» **What you need to do**
Repeat the listing that follows character for character, omitting images.

» **The data**
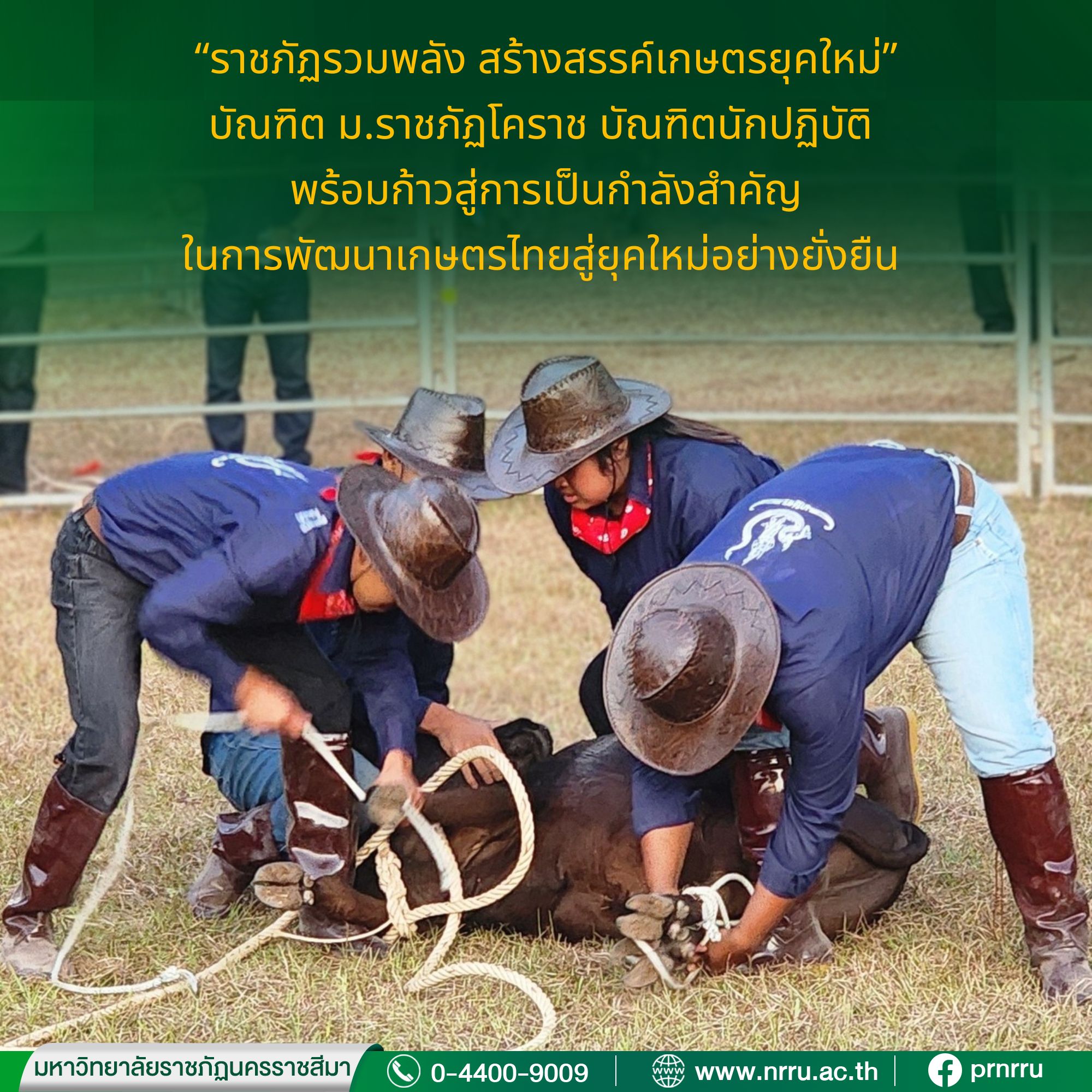 นักศึกษาสาขาวิชาเกษตรศาสตร์ คณะวิทยาศาสตร์และเทคโนโลยี มหาวิทยาลัยราชภัฏนครราชสีมา สร้างชื่อเสียงและความภาคภูมิใจให้กับมหาวิทยาลัย ด้วยการประกาศชัยชนะคว้า 6 รางวัลใหญ่ จากการแข่งขัน “ทักษะวิชาการและวิชาชีพทางการเกษตรเครือข่ายราชภัฏทั่วประเทศ ครั้งที่ 11” ภายใต้แนวคิด“ราชภัฏรวมพลัง สร้างสรรค์เกษตรยุคใหม่ ก้าวไกลด้วยเทคโนโลยี” ระหว่างวันที่ 3–6 กุมภาพันธ์ 2569 ณ มหาวิทยาลัยราชภัฏสกลนคร โดยมีนักศึกษาจากเครือข่ายมหาวิทยาลัยราชภัฏทั่วประเทศเข้าร่วมแข่งขันอย่างคับคั่ง เพื่อแสดงศักยภาพด้านความรู้ทางวิชาการ ควบคู่ทักษะวิชาชีพด้านการเกษตรอย่างเข้มข้น . สำหรับรางวัลที่นักศึกษามหาวิทยาลัยราชภัฏนครราชสีมาได้รับในครั้งนี้ ประกอบด้วย 1. นายธนานุวัต นากกระโทก และ นายวชิรวิทย์ ทองกระโทก ได้รับรางวัล รองชนะเลิศอันดับ 1 การตอบปัญหาทางวิชาการ สาขาสัตวศาสตร์ 2. นายภูริณัฐ คงสัตย์ ได้รับรางวัล รองชนะเลิศอันดับ 1 การแข่งขันทักษะสะบัดแส้ 3. นายปุณณพัฒน์ ถาดครบุรี และ นายณัฐพล สงค์เวียง ได้รับรางวัล รองชนะเลิศอันดับ 1 การแข่งขันทักษะบรรจุถุงปลา 4. นางสาวรินรดา บำรุงกลา และ นายสุริยัณห์ คำดี ได้รับรางวัล รองชนะเลิศอันดับ 1 การแข่งขันทักษะแยกเพศปลา 5. นายธนานุวัต นากกระโทก นายทวีป สังข์เลขา นายธนากร สุดแสง และนายกิตตินันท์ นิลศิริ ได้รับรางวัล รองชนะเลิศอันดับ 2 การประกวดแผนธุรกิจเกษตร 6. นายทวีป สังข์เลขา นายภูริณัฐ คงสัตย์ นายฐิติพงศ์ หอมหวล และนางสาวรินรดา บำรุงกลาง ได้รับรางวัล รองชนะเลิศอันดับ 2 การแข่งขันทักษะคล้องและล้มโค . ความสำเร็จดังกล่าวสะท้อนถึงศักยภาพ ความแข็งแกร่งทางวิชาการ และทักษะวิชาชีพด้านการเกษตรของนักศึกษาอย่างรอบด้าน โดยมี อาจารย์รัชนีกร มูลปา ทำหน้าที่เป็นอาจารย์ผู้ฝึกสอน ถ่ายทอดองค์ความรู้และเสริมสร้างประสบการณ์เชิงปฏิบัติอย่างใกล้ชิด . ความสำเร็จในครั้งนี้นับเป็นอีกหนึ่งบทพิสูจน์คุณภาพการจัดการเรียนการสอนของสาขาวิชาเกษตรศาสตร์ คณะวิทยาศาสตร์และเทคโนโลยี มหาวิทยาลัยราชภัฏนครราชสีมา ที่มุ่งผลิตบัณฑิตนักปฏิบัติ พร้อมก้าวสู่การเป็นกำลังสำคัญในการพัฒนาเกษตรไทยสู่ยุคใหม่อย่างยั่งยืน
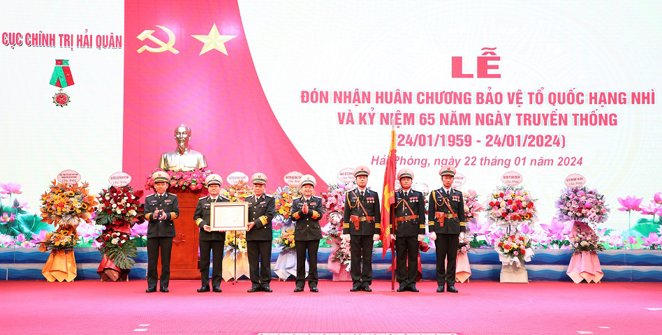 Chiều 22/1, tại Hải Phòng, Cục Chính trị Hải quân tổ chức Lễ đón nhận Huân chương Bảo vệ Tổ quốc hạng Nhì và kỷ niệm 65 năm Ngày truyền thống (24/1/1959 - 24/1/2024). Tới dự có Phó Đô đốc Trần Thanh Nghiêm, Ủy viên Trung ương Đảng, Tư lệnh Hải quân; Trung tướng Nguyễn Văn Bổng, Bí thư Đảng ủy, Chính ủy Hải quân; thủ trưởng, nguyên thủ trưởng Bộ Tư lệnh Hải quân, Cục Chính trị qua các thời kỳ; Anh hùng Lực lượng vũ trang nhân dân; đại diện lãnh đạo các cơ quan, đơn vị…
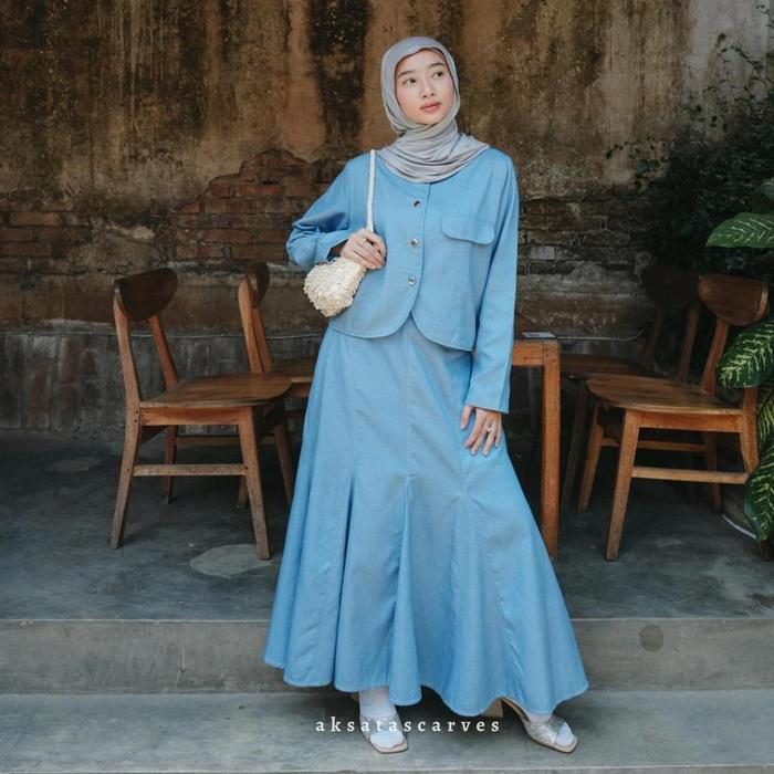 Aksatascarves - Binda Flare Skirt [Ready Stock] - Black Charcoal, (Upsize)
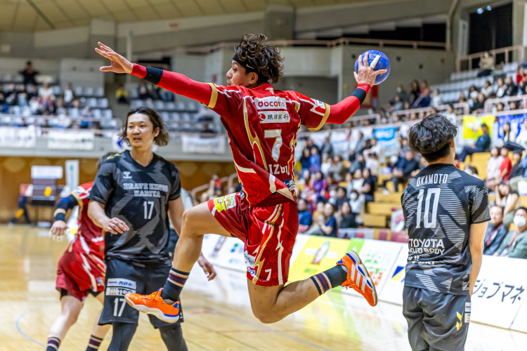 No.14髙橋のアウトカットインでコラソンが先制。刈谷の高いDFを前に連携がうまくいかないコラソンは、6分に1-5と追いかける展開に。劣勢の中、刈谷の固いDFを攻略しようと、No.2野尻が外からのシュートで打開をはかっていく。14分、刈谷に退場者が出る時間帯でじわじわ追い上げをはかるコラソン。また、No.30島袋のGKシュートもみせ会場をわかしていく。No.2野尻の7mTやNo.18尾﨑のカットインで1点差とし、コラソンムードになっていく。27分には、No.19布施のステップシュートで13-13とし、同点で前半を折り返す。

» **Answer area**
 นักศึกษาสาขาวิชาเกษตรศาสตร์ คณะวิทยาศาสตร์และเทคโนโลยี มหาวิทยาลัยราชภัฏนครราชสีมา สร้างชื่อเสียงและความภาคภูมิใจให้กับมหาวิทยาลัย ด้วยการประกาศชัยชนะคว้า 6 รางวัลใหญ่ จากการแข่งขัน “ทักษะวิชาการและวิชาชีพทางการเกษตรเครือข่ายราชภัฏทั่วประเทศ ครั้งที่ 11” ภายใต้แนวคิด“ราชภัฏรวมพลัง สร้างสรรค์เกษตรยุคใหม่ ก้าวไกลด้วยเทคโนโลยี” ระหว่างวันที่ 3–6 กุมภาพันธ์ 2569 ณ มหาวิทยาลัยราชภัฏสกลนคร โดยมีนักศึกษาจากเครือข่ายมหาวิทยาลัยราชภัฏทั่วประเทศเข้าร่วมแข่งขันอย่างคับคั่ง เพื่อแสดงศักยภาพด้านความรู้ทางวิชาการ ควบคู่ทักษะวิชาชีพด้านการเกษตรอย่างเข้มข้น . สำหรับรางวัลที่นักศึกษามหาวิทยาลัยราชภัฏนครราชสีมาได้รับในครั้งนี้ ประกอบด้วย 1. นายธนานุวัต นากกระโทก และ นายวชิรวิทย์ ทองกระโทก ได้รับรางวัล รองชนะเลิศอันดับ 1 การตอบปัญหาทางวิชาการ สาขาสัตวศาสตร์ 2. นายภูริณัฐ คงสัตย์ ได้รับรางวัล รองชนะเลิศอันดับ 1 การแข่งขันทักษะสะบัดแส้ 3. นายปุณณพัฒน์ ถาดครบุรี และ นายณัฐพล สงค์เวียง ได้รับรางวัล รองชนะเลิศอันดับ 1 การแข่งขันทักษะบรรจุถุงปลา 4. นางสาวรินรดา บำรุงกลา และ นายสุริยัณห์ คำดี ได้รับรางวัล รองชนะเลิศอันดับ 1 การแข่งขันทักษะแยกเพศปลา 5. นายธนานุวัต นากกระโทก นายทวีป สังข์เลขา นายธนากร สุดแสง และนายกิตตินันท์ นิลศิริ ได้รับรางวัล รองชนะเลิศอันดับ 2 การประกวดแผนธุรกิจเกษตร 6. นายทวีป สังข์เลขา นายภูริณัฐ คงสัตย์ นายฐิติพงศ์ หอมหวล และนางสาวรินรดา บำรุงกลาง ได้รับรางวัล รองชนะเลิศอันดับ 2 การแข่งขันทักษะคล้องและล้มโค . ความสำเร็จดังกล่าวสะท้อนถึงศักยภาพ ความแข็งแกร่งทางวิชาการ และทักษะวิชาชีพด้านการเกษตรของนักศึกษาอย่างรอบด้าน โดยมี อาจารย์รัชนีกร มูลปา ทำหน้าที่เป็นอาจารย์ผู้ฝึกสอน ถ่ายทอดองค์ความรู้และเสริมสร้างประสบการณ์เชิงปฏิบัติอย่างใกล้ชิด . ความสำเร็จในครั้งนี้นับเป็นอีกหนึ่งบทพิสูจน์คุณภาพการจัดการเรียนการสอนของสาขาวิชาเกษตรศาสตร์ คณะวิทยาศาสตร์และเทคโนโลยี มหาวิทยาลัยราชภัฏนครราชสีมา ที่มุ่งผลิตบัณฑิตนักปฏิบัติ พร้อมก้าวสู่การเป็นกำลังสำคัญในการพัฒนาเกษตรไทยสู่ยุคใหม่อย่างยั่งยืน
 Chiều 22/1, tại Hải Phòng, Cục Chính trị Hải quân tổ chức Lễ đón nhận Huân chương Bảo vệ Tổ quốc hạng Nhì và kỷ niệm 65 năm Ngày truyền thống (24/1/1959 - 24/1/2024). Tới dự có Phó Đô đốc Trần Thanh Nghiêm, Ủy viên Trung ương Đảng, Tư lệnh Hải quân; Trung tướng Nguyễn Văn Bổng, Bí thư Đảng ủy, Chính ủy Hải quân; thủ trưởng, nguyên thủ trưởng Bộ Tư lệnh Hải quân, Cục Chính trị qua các thời kỳ; Anh hùng Lực lượng vũ trang nhân dân; đại diện lãnh đạo các cơ quan, đơn vị…
 Aksatascarves - Binda Flare Skirt [Ready Stock] - Black Charcoal, (Upsize)
 No.14髙橋のアウトカットインでコラソンが先制。刈谷の高いDFを前に連携がうまくいかないコラソンは、6分に1-5と追いかける展開に。劣勢の中、刈谷の固いDFを攻略しようと、No.2野尻が外からのシュートで打開をはかっていく。14分、刈谷に退場者が出る時間帯でじわじわ追い上げをはかるコラソン。また、No.30島袋のGKシュートもみせ会場をわかしていく。No.2野尻の7mTやNo.18尾﨑のカットインで1点差とし、コラソンムードになっていく。27分には、No.19布施のステップシュートで13-13とし、同点で前半を折り返す。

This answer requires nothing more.